Foto: Sanna-Local Bijan Arbab im Pianner Schwall bei 10 Kubik. Tirols Paddler wünschen sich, dass solch niedrige Wasserstände auch in Zukunft auf die kalte Jahreszeit beschränkt bleiben und die Sanna zur Schmelze mit ganzer Kraft dem Inn entgegenrauscht.

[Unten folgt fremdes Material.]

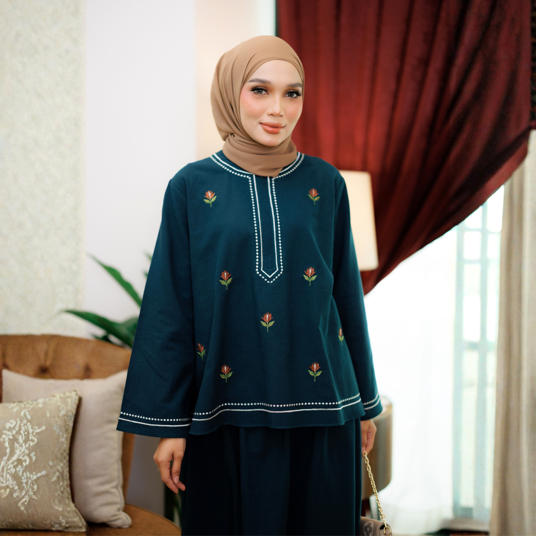 direka dengan sentuhan feminin dan kemasan sulaman yang halus, menjadikan ia pilihan sempurna untuk wanita yang menghargai keselesaan dan gaya.
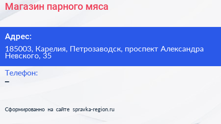 Магазин парного мяса по адресу 185003, Карелия, Петрозаводск, проспект Александра Невского, 35 в дальнейшем Организация, размещена в следующих категориях:
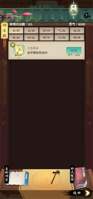 ②功法殿:顾名思义参悟功法的地方,参悟一门功法可以为全宗门提供属性提升,当功法学习到了一定程度,甚至可以自创功法。
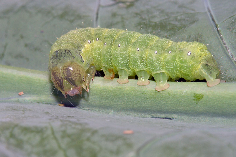 Il bruco della seconda foto si è appena felicemente interrato; durante l'operazione di pulizia ha lasciato la foglia di cavolfiore e ha trovato la terra, dirigendosi a capofitto. Volevo misurarlo ma non c'è stato il tempo, credo comunque che superasse i 5 cm quando disteso.

Ich weiß, manches klingt nach traurigem Geschwätz von vorgestern. Das Schiefe Eck vom Hochwasser radiert, der Campingplatz am Ausstieg ein Opfer steigender Immobilienpreise, und Playboater gibt's heute nur noch in Plattling oder am Eiskanal.Und doch bin ich überzeugt, dass es sich lohnt für diesen Fluss einzustehen. Die Wirtschaftlichkeit des Kraftwerks steht schon heute in Frage. Wie wird der Strommarkt in zehn Jahren aussehen? Ist das Wasser einmal im Rohr, bleibt der Fluss für lange Zeit trocken, oder eben feucht, wie man bei 2,7 Kubik Mindestablass sagen sollte. Ich jedenfalls möchte der nachfolgenden Paddlergeneration noch zeigen können, wo ich »groß geworden« bin.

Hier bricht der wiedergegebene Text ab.